Foi o primeiro passo de uma epopeia que viu Patrão fazer o Rali com um objetivo preciso e a um ritmo calculado, conseguindo todos os seus objetivos no final: Chegar ao fim, vencer a classe de veteranos e ficar no pódio da categoria malle “Original by Motul”.

Pelo caminho, chegou a acabar em segundo da classe em várias etapas e venceu pelo menos uma, a 11ª, entre Shaybah e o Empty Quarter.

Ontem, na sede do seu patrocinador principal, Mário partilhou esta e outras histórias de um 45º Dakar que ele descreveu como o melhor de sempre para si mas ao mesmo tempo muito, muito difícil:

“Não é uma questão de andamento, eu podia ter arriscado cada dia 20 ou 30% mais, a andar mais rápido e disputar etapas à geral, mas ao longo de dias, a hipótese de uma lesão e de vir para casa mais cedo torna-se muito real...” – disse Mário, de certa forma numa referência velada ao facto de que foi o único sobrevivente do contingente português nas duas rodas.


“Foram 15 dias em que tentei "sobreviver" o melhor possível. Foi um Rali extremamente duro e com muito poucas horas de descanso. Há que ver que quando um piloto de fábrica chega ao bivouac, entrega a moto e vai descansar. Nós na categoria malle temos de fazer a própria assistência, e acabamos por só dormir duas ou três horas. Ao fim de dias, começa a pesar!”

“Mesmo assim, saio contente com a minha prestação. Sei que era possível fazer mais e melhor, mas saí de casa com uma estratégia pré-definida e objetivos delineados.”

“O meu terreno de eleição é o mais técnico, ou seja, já não sou daqueles que vão de punho trancado a arriscar tudo nas zonas rápidas, porque o risco é muito maior!”

“Este ano, com as chuvas, que ninguém esperava, houve zonas em que as motos se atolavam até meio, chegando algumas a ter de ser tiradas de helicóptero... Para dar uma ideia, a última etapa é normalmente uma de consagração, uma festa e já não decide nada... este ano, os dois primeiros estavam separados no fim por quê, sete segundos?”
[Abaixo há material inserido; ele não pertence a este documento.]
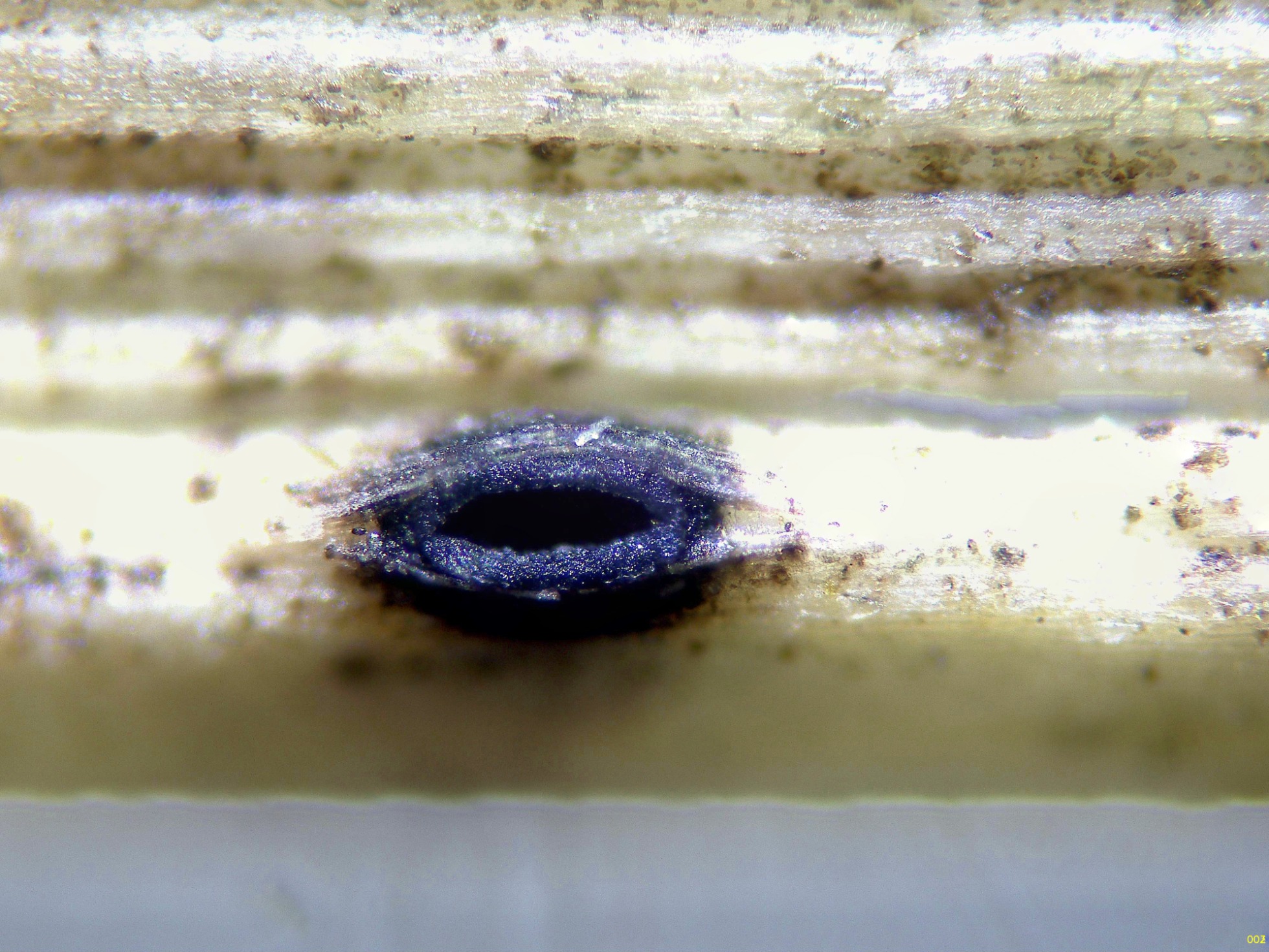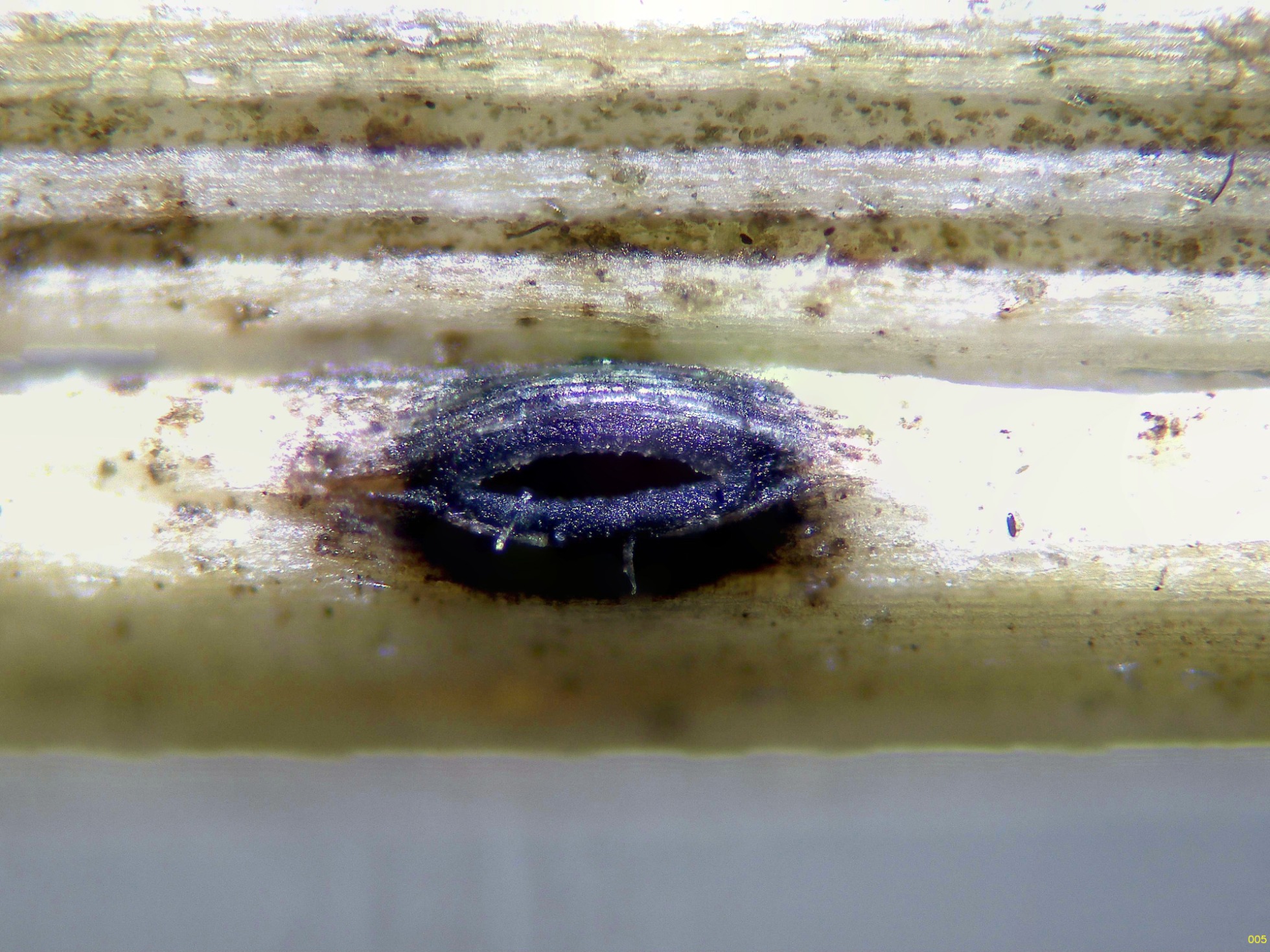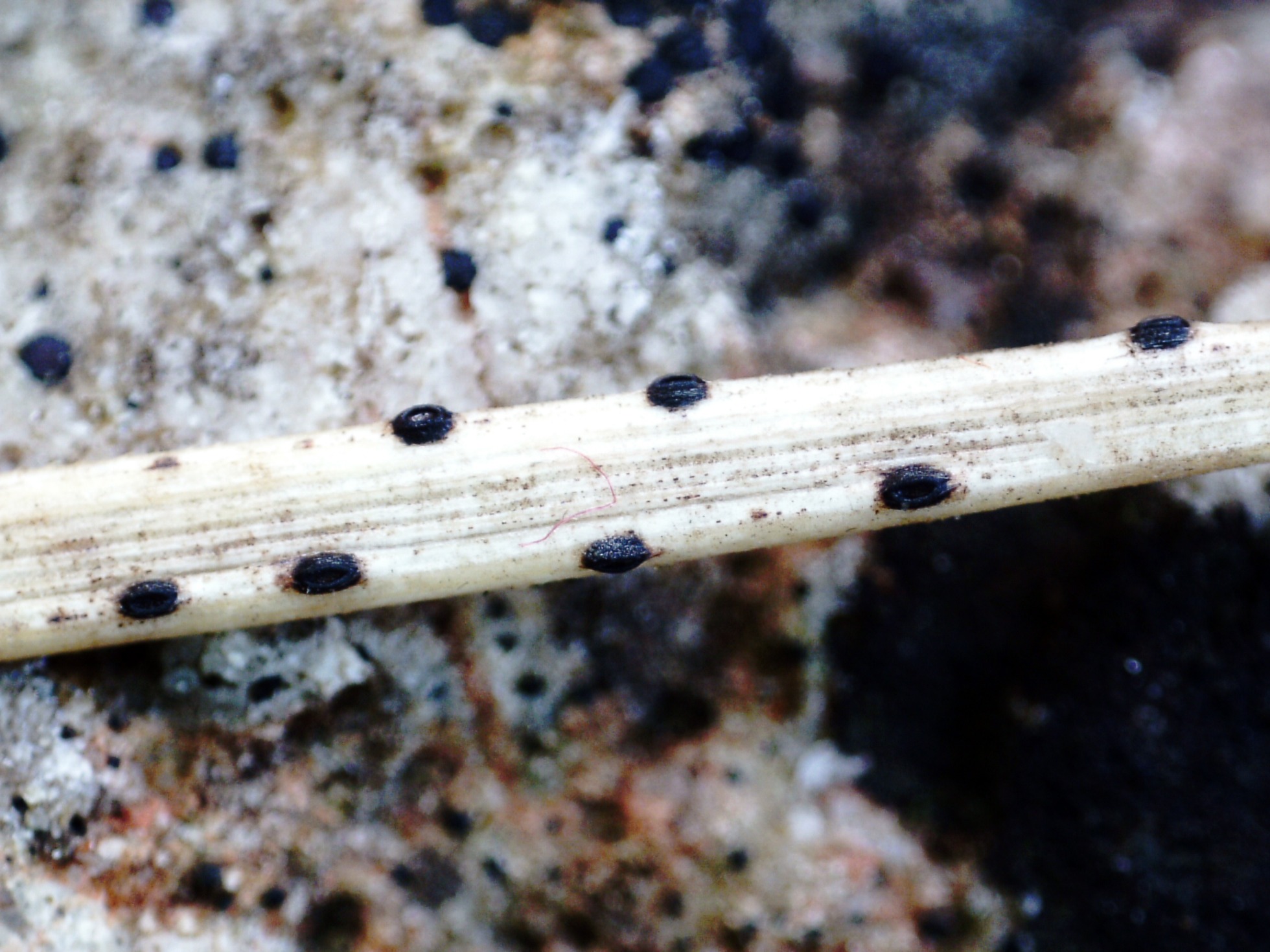 Un nuevo Lophodermium para mí, localizado y fotografiado el 27 de octubre pasado, en esta ocasión sabre unos tallos en descomposición de la hierba del suelo que sirve de pasto para el ganado, el:

“Nessa última etapa, fiquei atolado, como muitos pilotos, e com 20 Kg de lama em cada roda, caí duas ou três vezes, devagar, porque a roda bloqueava. O esforço para a embraiagem foi tal que tive de fazer o resto da etapa em ritmo contido, mas eu queria mesmo chegar ao fim!”

“Não tive a sorte 100% do meu lado, mas também não me posso queixar muito. Tirando o problema de encontrar água na gasolina por duas vezes e umas quantas quedas feias, sobrevivi e volto para casa com saúde que é sem dúvida o mais importante!”
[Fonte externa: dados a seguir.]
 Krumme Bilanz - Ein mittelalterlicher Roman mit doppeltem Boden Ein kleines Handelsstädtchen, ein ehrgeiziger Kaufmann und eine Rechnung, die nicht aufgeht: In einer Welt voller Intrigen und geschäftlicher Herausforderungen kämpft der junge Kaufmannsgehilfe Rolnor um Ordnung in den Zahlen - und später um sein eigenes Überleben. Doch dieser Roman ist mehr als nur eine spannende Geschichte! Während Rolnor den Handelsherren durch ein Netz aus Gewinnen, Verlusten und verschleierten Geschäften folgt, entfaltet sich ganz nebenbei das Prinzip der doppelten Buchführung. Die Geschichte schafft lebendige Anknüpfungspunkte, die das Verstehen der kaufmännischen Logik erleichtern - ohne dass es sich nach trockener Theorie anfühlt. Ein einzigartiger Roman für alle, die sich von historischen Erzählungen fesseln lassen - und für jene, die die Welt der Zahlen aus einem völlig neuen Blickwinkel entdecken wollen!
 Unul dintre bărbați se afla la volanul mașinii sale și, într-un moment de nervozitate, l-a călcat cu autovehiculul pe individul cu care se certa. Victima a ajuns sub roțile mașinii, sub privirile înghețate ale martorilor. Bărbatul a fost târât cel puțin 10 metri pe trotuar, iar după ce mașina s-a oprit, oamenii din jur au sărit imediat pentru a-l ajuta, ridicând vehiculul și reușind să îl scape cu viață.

 “Os Dakar na Arábia Saudita têm sido areia, areia e depois, mais areia! Este ano, houve troços com condições muito diferentes, mais técnicas, com rochas e terreno solto, mais técnico, que é melhor para mim, pelo que digo que, apesar de ter sido muito, muito difícil e muito cansativo, para mim foi o melhor Dakar de sempre!”

“Podia ter ganho a categoria mal, porque o vencedor trocou de motor, o que não é permitido a menos que leve um motor consigo na caixa... quase todos tínhamos certeza de que le fez batota mas não há provas!”

De resto, a organização reuniu e discutiu a possibilidade de vigiar mais a zona de assistência para evitar isto no futuro...”

“Estritamente, ao ter vencido, pelo regulamento já não poderei participar nas classes que venci, que estão cada vez mais a atrair profissionais!”

“Tenho que ver o que se oferece a seguir!”

“Obrigado a todos pelo apoio. Patrocinadores, família, amigos e todos os que me apoiam. Sem todos, não era possível estar aqui”, salientou ainda Mário Patrão.